Plus récemment les hommes se rencontraient “en secret” pour planifier leur philanthropie. Avant l’assurance sociale, les pensions de vieillesse, les programmes médicaux des gouvernements, et l’aide sociale, la Loge Orange aidait souvent à secourir les individus ou les familles dans le besoin. Un jeune homme qui avait une recommandation d’emploi de la part d’un orangiste avait de meilleures chances de trouver un emploi. La Croix Rouge et d’autres organismes charitables ont aussi bénéficié de leur générosité.

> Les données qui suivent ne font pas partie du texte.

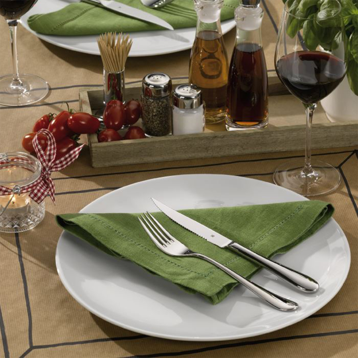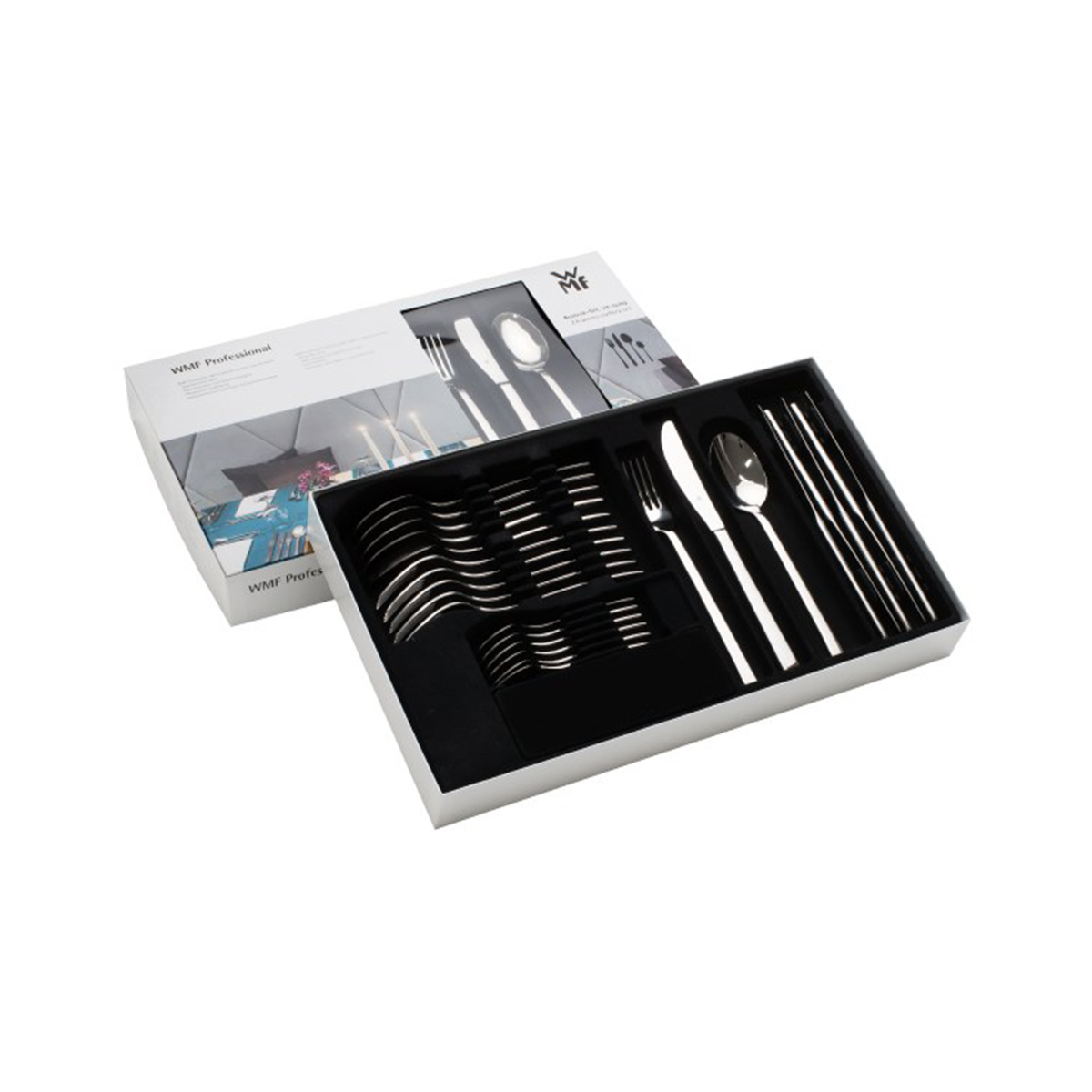 Setul premium de tacâmuri Signum 24 piese pentru 6 persoane | WMF este o soluție atemporală și versatilă pentru restaurante, hoteluri, cafenele sau acasă. Se remarcă prin linii curate, conturate clar, fără ornamente inutile, adaptându-se ușor oricărui concept de masă și oricărui tip de porțelan. Tacâmurile sunt fabricate din oțel inoxidabil Cromargan® 18/10, rezistent la coroziune și uzură mecanică.

La Loge 69 a déjà été une scène populaire et très occupée par des évènements sociaux tels que des danses, des réceptions de mariages, et des pique-niques. Le drapeau et “King Billy” ont salué les soldats partant pour la guerre, et les ont salués de nouveau lorsqu’ils sont revenus à la maison.

Avec le décès des membres séniors, et le grand nombre de blessés de guerre, la Loge déclina et perdit de l’importance pour les jeunes gens. La Loge a retourné sa charte en 2008 et elle n’existe donc plus. Douglas Hadley est le dernier membre survivant des hommes loyaux de la Loge Victoria.